As explained above in accordance with the embodiments, in the present invention, when a computer system recovers from a failure and restarts operation, the contents stored in the buffer memory, that is, the contents loaded in the tape drive, can be retrieved by executing a verification command. Since it is possible to check whether the magnetic tape identifier in use matches the magnetic tape identifier expected by the computer system, destruction of unnecessary information on the magnetic tape can be prevented. However, since the magnetic tape is immediately read out from the buffer memory and checked without any mechanical action such as rewinding and rereading the magnetic tape, smooth control can be performed with almost no time loss.

In the embodiments described above, the contents of the microprogram control unit μpu have been shown by a circuit, but it goes without saying that something equivalent to this can be constructed by the microprogram itself. Furthermore, the present invention can be applied to a case where three or more computer systems share a magnetic tape device, and the same effect can be obtained. Also, in magnetic tape devices where the operator intervenes to load the magnetic tape,
The present invention can be similarly applied to prevent operational errors.
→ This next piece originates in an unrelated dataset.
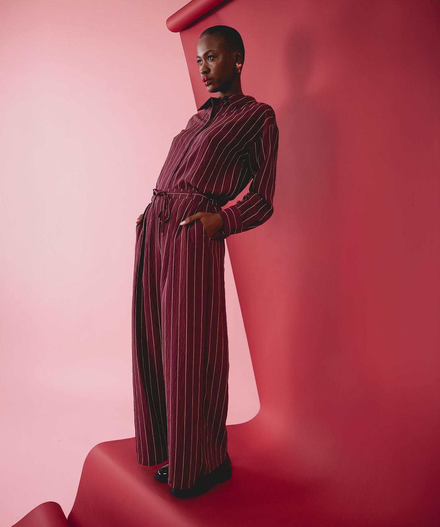 Pantalon fluide coupe large à rayures avec ceinture à nouer femme rouge fonce

[Brief explanation of the drawing]

FIG. 1 is a diagram showing a shared configuration of a conventional large-capacity storage system, FIG. 2 is a diagram showing a configuration of a magnetic tape device to which the present invention is applied, and FIG. FIG. 2 is a diagram showing a conceptual configuration example. BUFF...Buffer memory, READB...Buffer memory read section, WRITEB...Buffer memory write section, REC...Reference identifier storage section,
CMP′...Comparison section, ERROR...Error processing section.

Claims (1)

[Scope of Claims] 1. A magnetic tape control unit connected to a plurality of host devices, and a magnetic tape medium connected to the magnetic tape control unit and recording tape identifier information for identifying individual magnetic tape media. A magnetic tape device comprising: a tape storage section for storing tape media; and a plurality of tape drives for recording and reproducing information on tape media selectively taken out and set from the tape storage section, wherein each tape drive section a buffer memory for storing tape identifier information stored in the magnetic tape medium; the buffer memory is activated when a magnetic tape medium is newly stored in the tape drive in the magnetic tape control unit, and the buffer memory stores the tape identifier information read from the magnetic tape medium; a first collation means for comparing and collating the tape identifier information stored in the buffer memory;
buffer memory writing means for rewriting the contents in the buffer memory with tape identifier information read from the magnetic tape medium when the comparison results in a discrepancy; and identifier information given by a command from a host device. and a second collation means for comparing and collating the identifier information read from the buffer memory, and generating a signal to permit recording and reproducing operation when a match is found as a result of the comparison and collating, and disabling the recording and reproducing operation when there is a discrepancy. What is claimed is: 1. A magnetic tape device comprising: abnormality processing means for determining permission.